Begin the copy at the line containing "Metal Colander with" in the data below and end it at the line containing "Москва. 6 октября.", keeping each line exact and leaving out pictures.

* RECORDS TO PROCESS
Content starts

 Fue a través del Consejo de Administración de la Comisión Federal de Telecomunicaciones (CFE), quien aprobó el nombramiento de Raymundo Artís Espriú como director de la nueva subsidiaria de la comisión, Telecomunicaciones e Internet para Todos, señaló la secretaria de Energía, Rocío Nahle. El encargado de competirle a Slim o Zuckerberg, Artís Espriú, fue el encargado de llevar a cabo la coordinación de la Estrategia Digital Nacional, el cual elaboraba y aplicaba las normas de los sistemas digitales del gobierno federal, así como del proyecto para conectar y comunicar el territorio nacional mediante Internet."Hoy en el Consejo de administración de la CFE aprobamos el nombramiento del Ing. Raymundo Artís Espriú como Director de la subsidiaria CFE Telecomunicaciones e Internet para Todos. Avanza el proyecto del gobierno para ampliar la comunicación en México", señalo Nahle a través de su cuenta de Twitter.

Content ends
Content starts

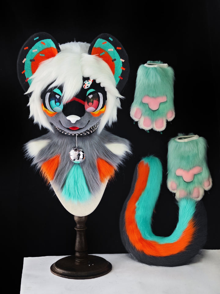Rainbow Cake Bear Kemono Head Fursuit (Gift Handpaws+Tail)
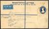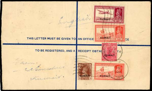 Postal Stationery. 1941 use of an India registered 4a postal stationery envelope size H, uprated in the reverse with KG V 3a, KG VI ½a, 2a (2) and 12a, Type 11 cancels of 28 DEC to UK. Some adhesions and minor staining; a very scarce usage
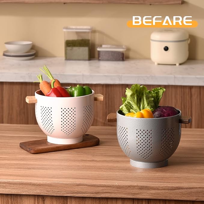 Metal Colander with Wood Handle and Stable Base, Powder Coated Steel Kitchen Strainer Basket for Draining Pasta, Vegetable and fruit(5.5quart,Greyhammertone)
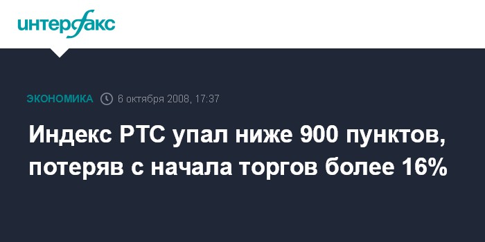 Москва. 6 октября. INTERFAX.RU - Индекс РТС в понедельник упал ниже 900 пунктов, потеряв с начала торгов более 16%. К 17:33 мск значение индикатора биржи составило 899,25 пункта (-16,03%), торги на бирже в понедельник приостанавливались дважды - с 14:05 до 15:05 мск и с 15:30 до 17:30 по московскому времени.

Content ends

* ANSWER TO THIS PROBLEM
 Metal Colander with Wood Handle and Stable Base, Powder Coated Steel Kitchen Strainer Basket for Draining Pasta, Vegetable and fruit(5.5quart,Greyhammertone)
 Москва. 6 октября. INTERFAX.RU - Индекс РТС в понедельник упал ниже 900 пунктов, потеряв с начала торгов более 16%. К 17:33 мск значение индикатора биржи составило 899,25 пункта (-16,03%), торги на бирже в понедельник приостанавливались дважды - с 14:05 до 15:05 мск и с 15:30 до 17:30 по московскому времени.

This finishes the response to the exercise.